/rpviz

Visualize pathways from the RetroPath Suite

Primary LanguageJavaScriptMIT LicenseMIT

rpviz -- Visualize pathways from the RetroPath Suite

Installation

conda create --name <myenv>
conda activate <myenv>
conda install -c brsynth -c conda-forge -c bioconda rpviz

<myenv> has to be replaced by whatever meaningful name that will pleased the user.

Usage

Produce the HTML files

python -m rpviz.cli <input-folder> <output-folder>

To view the pathways, open the index.html file outputted in <out-folder> using any web browser.

Example

Using a folder as input:

conda activate <myenv>
python -m rpviz.cli sample/input/as_dir sample/output/as_dir

Using a tar file as input:

conda activate <myenv>
python -m rpviz.cli sample/input/as_tar.tgz sample/output/as_tar

Command line arguments

positional arguments:
  input_rpSBMLs         Input file containing rpSBML files in a 
                        tar archive or a folder.
  output_folder         Output folder to be used.
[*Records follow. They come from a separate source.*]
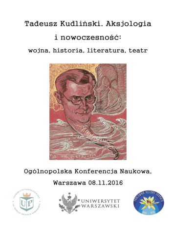 Tadeusz Kudliński. Aksjologia i nowoczesność: wojna, historia, literatura, teatr Ogólnopolska Konferencja Naukowa, Warszawa 08.11.2016 Pracownia Historii Dramatu 1864-1939 przy Instytucie Literatury Polskiej Uniwersytetu Warszawskiego oraz Katedra Literatury XX wieku, Instytut Filologii Polskiej, Uniwersytet Pedagogiczny w Krakowie mają zaszczyt zaprosić na konferencję naukową Tadeusz Kudliński. Aksjologia i nowoczesność: wojna, historia, literatura, teatr O literaturze polskiej okresu dwudziestolecia międzywojennego napisano tak wiele, że anonsowanie kolejnego dyskursu o ambicjach badawczych, który miałby dotyczyć twórczości pisarzy skupionych wokół poznańskiego „Zdroju”, beskidzkiego „Czartaka”, czy wreszcie „Zwrotnicy” i „Skamandra ” można potraktować jako przejaw ignorancji, względnie arogancji. Trudno też w tej sytuacji ustrzec się przed podejrzeniem, że chodzi tu wyłącznie o kolejne „przyczynki do badań” nad literaturą międzywojnia zwłaszcza, że interesuje nas mało do tej pory rozpoznany obszar, zagospodarowany przez prozaików, poetów, dramaturgów, publicystów i ludzi teatru, związanych z „Gazetą Literacką”. Rozważania nad nią mogą wydawać się marginalne i pozostawać w sferze mało interesujących badań szczegółowych, ponieważ, jak wspominał Tadeusz Kudliński, który „w jej redagowaniu magna pars fui”, ukazywały się dwa czasopisma pod takim tytułem. Kudliński debiutował w „Gazecie Literackiej”, wydawanej przez Jerzego Brauna opowiadaniem Ci, którzy w przejściu przez Karpaty… . Debiut w roku 1926 miał zatem miejsce na łamach „Gazety” chronologicznie pierwszej, a opowiadanie, rozgrywające się zimą, w surowym pejzażu górskim podczas kampanii karpackiej uznać można jako zapowiedź powieści Smak świata z roku 1931. Powieść ukazująca z perspektywy żołnierskiej specyfikę walk na froncie włoskim została dobrze przyjęta przez ówczesną krytykę. Pozostając w interakcjach z twórczością Rotha, Barbusse`a, Haška, a na gruncie polskim Wittlina jest wyjątkowa, choćby ze względu na niespotykane nigdzie studium nowoczesnego pola walki zsynchronizowane z psychologicznymi profilami postaci, w których refleksjom aksjologicznym sprzyja żywiołowy biologizm. Dziś jednak Smaku świata nie przypominano nawet z okazji nie tak dawno obchodzonego stulecia wybuchu I wojny światowej. Kudliński, doktor praw na dobrej posadzie w banku, dla którego pisarstwo i prace redakcyjne pozostawały przede wszystkim pasją, wspominając swoją współpracę z czasopismem Jerzego Brauna, mówił wprost o grupie „Gazety”, wywodzącej się z klubu poetyckiego „Helion”, który tworzyli wspomniany już Braun, oraz Józef Aleksander Gałuszka, Marian Sewi (Seelinger), Jan Sztaudynger, Helena Moskwianka, Witold Zechenter, Adam Polewka i Janusz Stępowski. Nie są to rzecz jasna wszyscy, publikujący na łamach „Gazety Literackiej”. Kudliński przedstawił kompletną galerię portretów w rozdziale pod tym właśnie tytułem w tomie Młodości mej stolica. Wspomnienia krakowianina między wojnami. Dodajmy, że do „Gazety” pisywali również Stanisław Pigoń, Leon Płoszewski, Jerzy Eugeniusz Płomieński, Stefan Szuman, a także promotor Kazimierza Wyki i Wacława Kubackiego profesor Stefan Kołaczkowski, oraz Karol Homolacs. Czy ich dorobkowi słusznie przeznaczono dzisiaj manowce naszej kultury narodowej? Owszem, kilku z nich, podobnie jak Tadeusz Kudliński, patronuje ulicom polskich miast. A przecież inicjowali także życie teatralne naszego kraju. Kudliński na przykład zaangażował się w projekt teatru powszechnego, którego genezy szukał w chłopskim teatrze obrzędowym, w ludowych rytuałach, także podmiejskich. Wraz z grupą znajomych aktorów i literatów założył alternatywny teatr „Mikroscena”, gdzie miały miejsce premiery jednoaktówek Wiesława Goreckiego. Autora Oszusta, Buntu, Windy także warto przywrócić pamięci zbiorowej. Wśród ważniejszych inicjatyw teatralnych Kudlińskiego należy wymienić założony w ramach Krakowskiej Konfraterni Teatralnej kolejny teatr alternatywny „Studio 39”. Specjalnie dla tego teatru Marian Niżyński napisał Kawalera księżycowego, „oryginalną trawestację podania o Twardowskim – w duchu ballady Mickiewiczowskiej – trawestacją unowocześnioną w kształcie uroczej komedii muzycznej”. Parodia, humor, commedia del`arte, elementy satyry kabaretowej złożyły się na ów projekt nowoczesności wyrażony poprzez ikonosferę miasta. Kawalera, wystawiono na dziedzińcu Kolegium Nowodworskiego, zespół przygotował także radiową adaptację widowiska, które stało się przebojem sezonu. Oprócz wspomnianej prozy autobiograficznej autor Smaku świata jest także autorem tomu nowel Pierwsza miłość panny Elo, gdzie obok technik narracyjnych nowoczesność znalazła swój wyraz także w tematyce sportowej, rzadko występujące w literaturze polskiej XX w. Kwestie etyczne i moralne podjął w powieści Wygnańcy Ewy. Ciemną stronę rynku odrodzonego państwa polskiego, „machinacje grynderskie” ujawniła z kolei powieść Wuj Rafał i Ska, w której skonstruował szeroką panoramę społeczno-obyczajową tamtego czasu. Na kanwie życia literackiego i teatralnego międzywojnia powstała natomiast powieść Farbowane lisy, zainspirowana okolicznościami i atmosferą jubileuszu Emila Zegadłowicza. O różnorodności warsztatu i zainteresowań krakowskiego literata świadczą powieści historyczne Tadeusza Kudlińskiego, jak choćby Rumieńce, Uroki, czy Gniew o Szoszannę: powieść z dawnych dziejów Izraela, oraz studia i szkice o teatrze, zebrane w tomach Dawne i nowe przypadki „teatrała” i Rodowód polskiego teatru, oraz publicystyka i dziesiątki recenzji, zamieszczonych w rozmaitych czasopismach. Przedstawiona bibliografia wymaga oczywiście uzupełnienia, lecz pragniemy jedynie zarysować 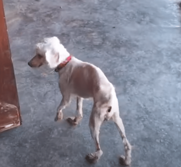 When the final layers fell away, the dog beneath was revealed. Julian was a poodle, much smaller and more fragile than anyone had expected. Without the burden of his coat, his thin frame was visible. Further examinations revealed additional challenges: a heart condition requiring monitoring, along with partial hearing and vision loss. These explained his slow movements and cautious nature.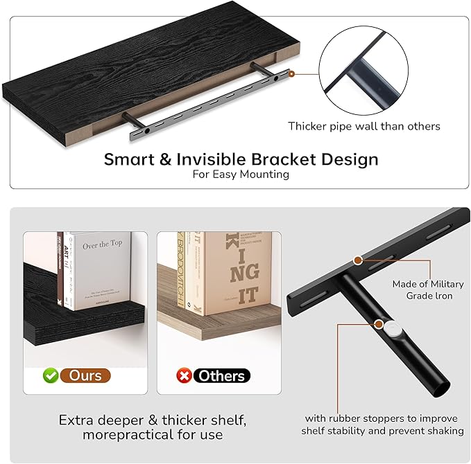 - Extra Deeper & Thicker - Each board measures 36"W x 12"D x 1.8"H. Extra deeper and thicker design in order to bring maximizes storage space and weight capacity, even hold up to 70 lb each. This floating shelf taking up zero square feet, reduces clutter and highlights dÃĐcor in compact spaces.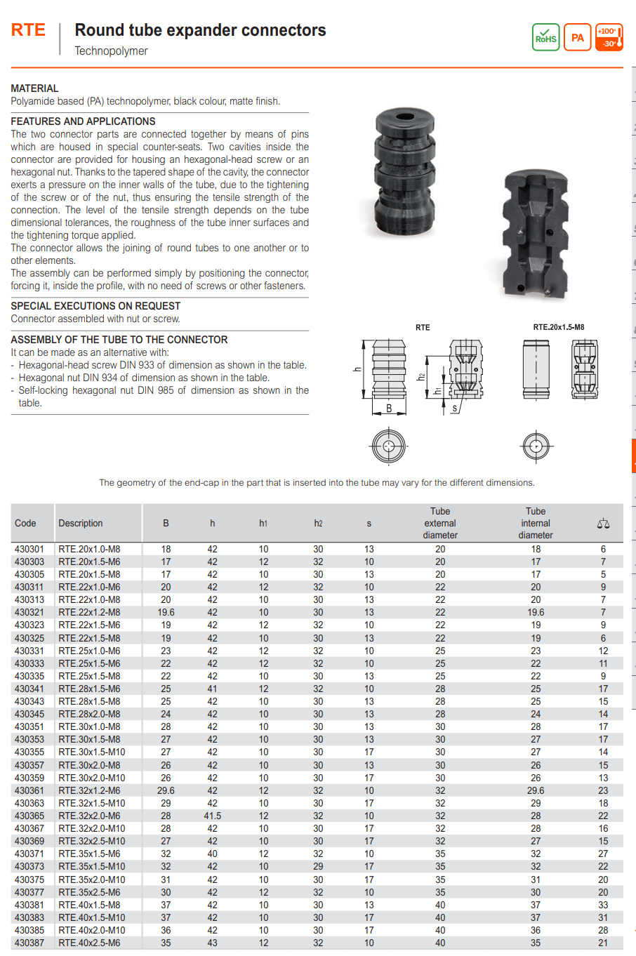 RTE 튜브 커넥터 (원형튜브용, 확장형)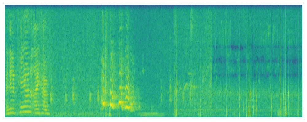 Target Caption | A man speaks with some clinking and clanking while music plays in the foreground. |

If it does not 
                        exist, an attempt will be made to create 
                        it.It the creation of the folder fails, 
                        IOError will be raised.

optional arguments:
  -h, --help            show this help message and exit
  --debug               Turn on debug instructions
  --template_folder TEMPLATE_FOLDER
                        Path to the folder containing templates
  --cofactor COFACTOR   File listing structures to consider as 
                        cofactors.
  --autonomous_html AUTONOMOUS_HTML
                        Optional file path, if provided will 
                        output an autonomous HTML containing
                        all dependancies.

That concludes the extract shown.